Q: Head vs tail sampling for traces? “Head sampling decides at the request’s start — keep 1%, say — cheap but you might drop the trace that errored. Tail sampling buffers the whole trace and decides after seeing the outcome, so you keep all errors and slow traces and sample the boring fast ones. Tail is far more useful for debugging but needs a collector holding spans in memory.”
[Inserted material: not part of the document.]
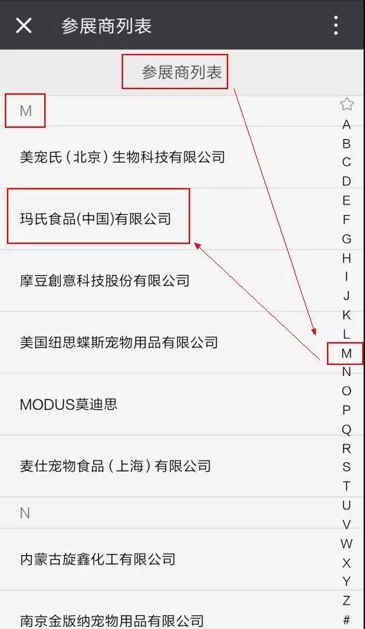 找到自己的企业邀请函进入邀请页面,例如:我要查找“玛氏食品有限公司”,可以直接点击“M”即可跳转到以m开头的企业

Common mistakes / what weak candidates do

Equating monitoring with observability — thinking a CPU dashboard means the system is observable.
Plain-text logs that can’t be parsed or correlated, with no trace ID to stitch a request.
Logging secrets or PII — passwords, tokens, card numbers in logs that get shipped to third parties.
High-cardinality metric labels (user_id, request_id) that blow up the time-series database and the bill.
Confusing counter / gauge / histogram, or using summaries where you need cross-instance percentiles.
No context propagation — traces stop at the first service boundary because the traceparent header isn’t forwarded.
Cause-based paging (CPU high) that fires when users are fine, breeding alert fatigue until real pages get ignored.
No SLOs or error budgets — arguing about reliability with vibes instead of a measured target.
Vendor-coupled instrumentation instead of OpenTelemetry, so switching backends means re-instrumenting everything.

Say it out loud

“Monitoring catches known failures; observability lets me ask new questions about unknown-unknowns from telemetry I already have. Three pillars: structured logs (what happened), metrics (aggregate health — RED for services, USE for resources, watch cardinality), traces (where a request went, via W3C trace-context). I instrument once with OpenTelemetry and export anywhere through the Collector. I run reliability on SLOs and error budgets that gate releases, and I alert on symptoms users feel, not causes.”